Of the 105 passengers who survived the voyage, only 53 were still alive
after the first year in America. There were 21 or 22 families of settlers
who had children that survived to adulthood (both numbers are quoted in the
article). Complicating this is that there were actually 27 marriages, as
some widows or widowers remarried other settlers, or married later arrivals
to the colony. Assuming an average of two surviving children per marriage,
and an average of two children for the marriage of each descendant, the
total today comes out to some 35 million, a staggering 10% or so of the US
population. Wow! That's a lot of potential people for what is usually
thought of as a pretty exclusive club.

Ah, but here's the problem. If one Mayflower settler or later descendant
marries another settler or descendant, the two children don't count toward
the twice, since they are only replacing their parents. This factor is
known as  "pedigree collapse". Factoring this into the equation, the total
is estimated to drop to something like *just* 3 million. That's still a lot
of members in the club.

Now the medieval connection. The Mayflower settlers arrived in 1620 and we
see how many people with that cachet are potentially around 400
years later. What if we push back into the middle ages, say the 1400s? For
argument's sake, let us say that adds five generations per century. This
would cause an explosion of descendants for knights who fought at
Agincourt, for example. Of course surviving genealogies usually only cover
noble families, and often they are woefully incomplete.
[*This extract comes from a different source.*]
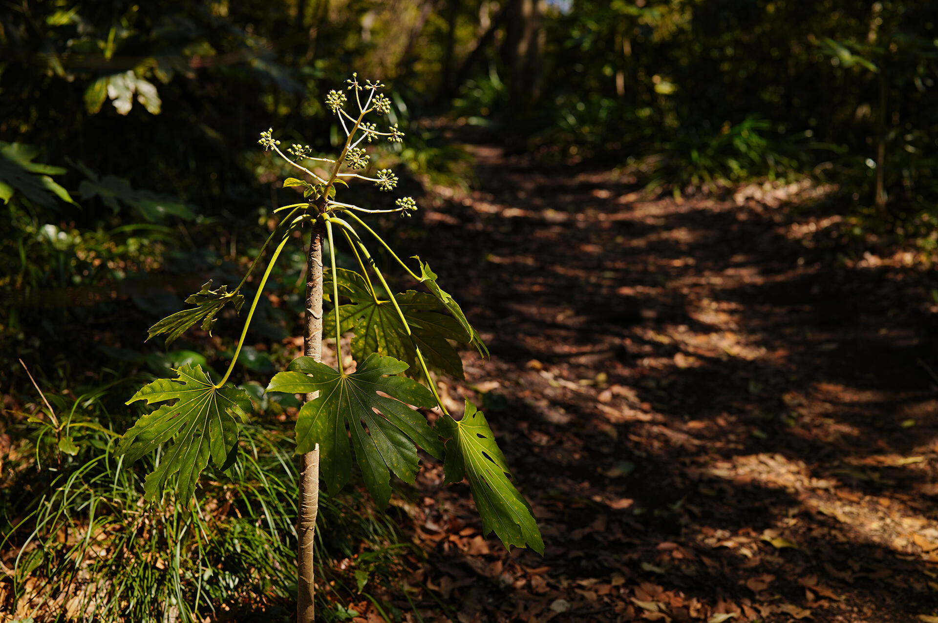 頂上に至る直前のトレイルは緩やかな上りで歩きやすい。三ヶ岡山緑地でよく見かけるヤツデにフォーカスし、木漏れ日が美しいトレイルを大きくぼかした。

Consider for a moment, the descendants of Richard III, the "Car Park King".
He didn't have any legitimate children. There were two known . . . uh . . .
love children, but they appear to have died without issue. So when modern
researchers needed a DNA match to identify his supposed skeleton found in
2012, they turned to descendants of his sister, Anne of York. After a lot
of genealogical research, a match was found in a  nephew 16 times-removed,
a Canadian-born London cabinet maker. A handful of other possible
descendants have since been identified. Pretty slim pickings compared with
the possible 35 million, or even only 3 million, Mayflower descendants.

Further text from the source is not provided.